Begin at the line where "Personalized Necklace With" appears and reproduce exactly every line through the end of the data below, both included, skipping pictures.

- THE DATA -
********
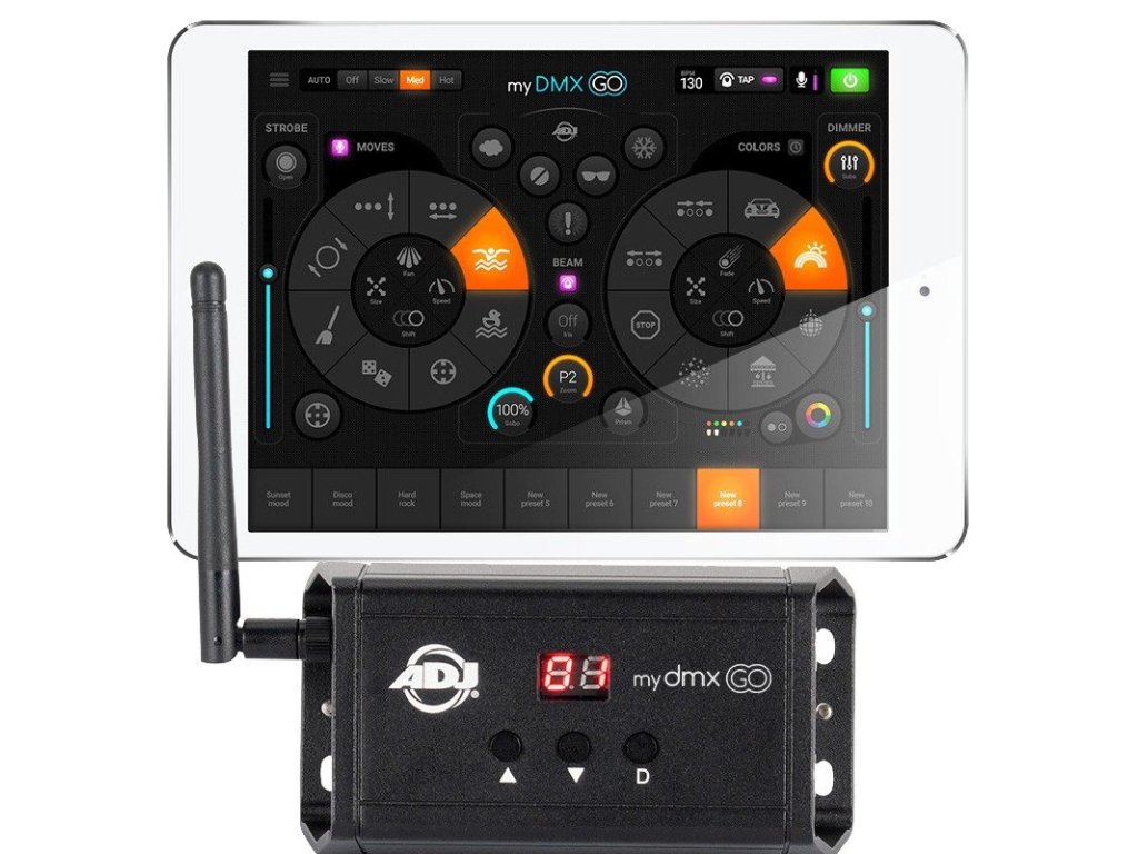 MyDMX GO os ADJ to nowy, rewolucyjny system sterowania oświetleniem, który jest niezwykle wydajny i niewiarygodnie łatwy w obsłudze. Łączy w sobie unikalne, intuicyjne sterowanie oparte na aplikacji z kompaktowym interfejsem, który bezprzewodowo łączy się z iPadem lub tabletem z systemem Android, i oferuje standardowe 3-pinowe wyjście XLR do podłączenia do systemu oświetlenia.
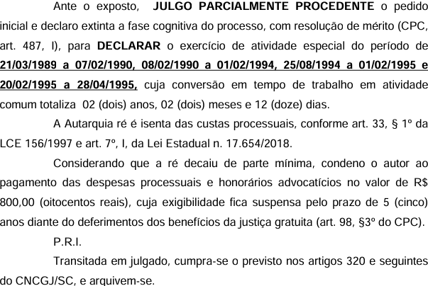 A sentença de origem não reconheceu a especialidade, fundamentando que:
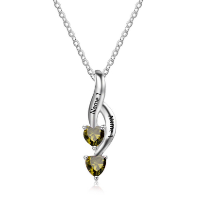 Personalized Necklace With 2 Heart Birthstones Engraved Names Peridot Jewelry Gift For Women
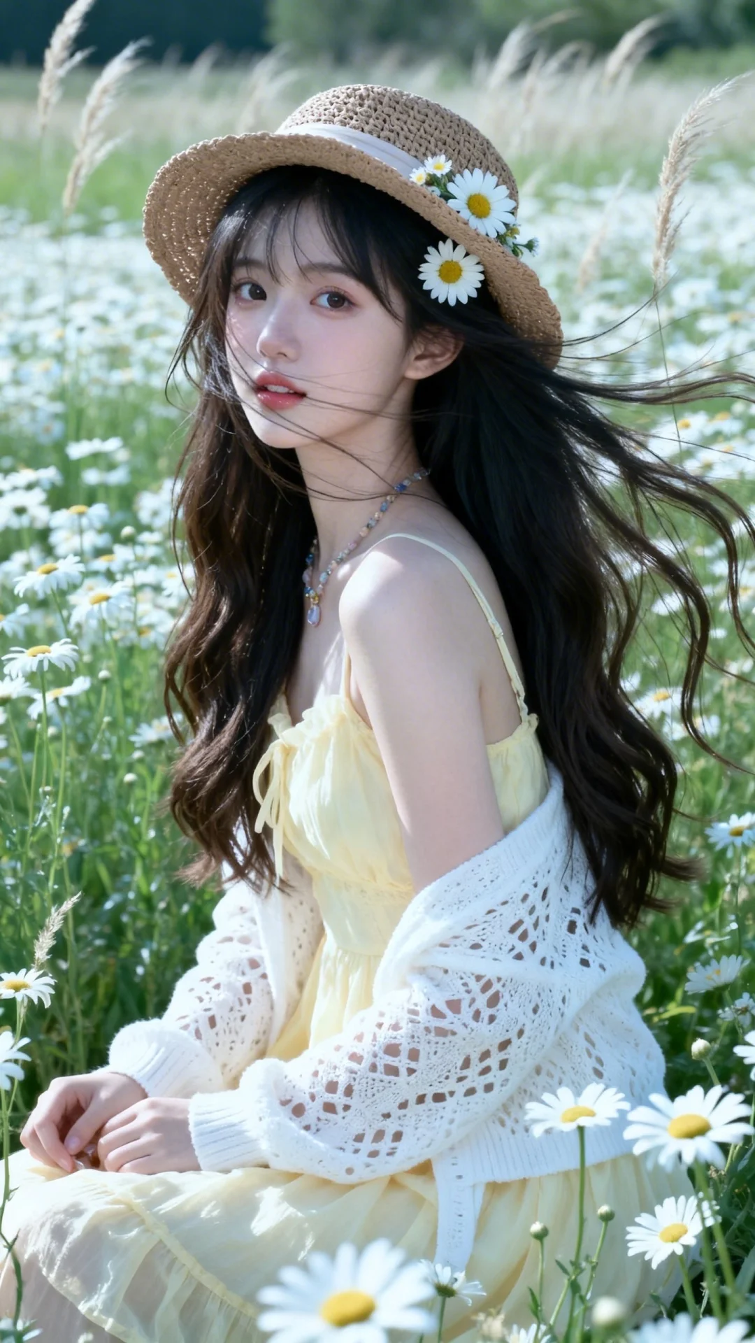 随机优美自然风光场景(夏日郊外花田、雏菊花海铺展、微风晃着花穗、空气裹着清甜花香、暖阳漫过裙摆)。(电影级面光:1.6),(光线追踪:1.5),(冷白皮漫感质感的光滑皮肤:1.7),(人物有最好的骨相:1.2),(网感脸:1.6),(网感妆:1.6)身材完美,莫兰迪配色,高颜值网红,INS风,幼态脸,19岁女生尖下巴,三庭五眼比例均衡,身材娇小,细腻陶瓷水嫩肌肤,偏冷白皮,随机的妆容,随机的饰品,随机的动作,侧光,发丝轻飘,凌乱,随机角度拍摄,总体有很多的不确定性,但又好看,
********
- RESULT FOR THIS EXERCISE -
 Personalized Necklace With 2 Heart Birthstones Engraved Names Peridot Jewelry Gift For Women
 随机优美自然风光场景(夏日郊外花田、雏菊花海铺展、微风晃着花穗、空气裹着清甜花香、暖阳漫过裙摆)。(电影级面光:1.6),(光线追踪:1.5),(冷白皮漫感质感的光滑皮肤:1.7),(人物有最好的骨相:1.2),(网感脸:1.6),(网感妆:1.6)身材完美,莫兰迪配色,高颜值网红,INS风,幼态脸,19岁女生尖下巴,三庭五眼比例均衡,身材娇小,细腻陶瓷水嫩肌肤,偏冷白皮,随机的妆容,随机的饰品,随机的动作,侧光,发丝轻飘,凌乱,随机角度拍摄,总体有很多的不确定性,但又好看,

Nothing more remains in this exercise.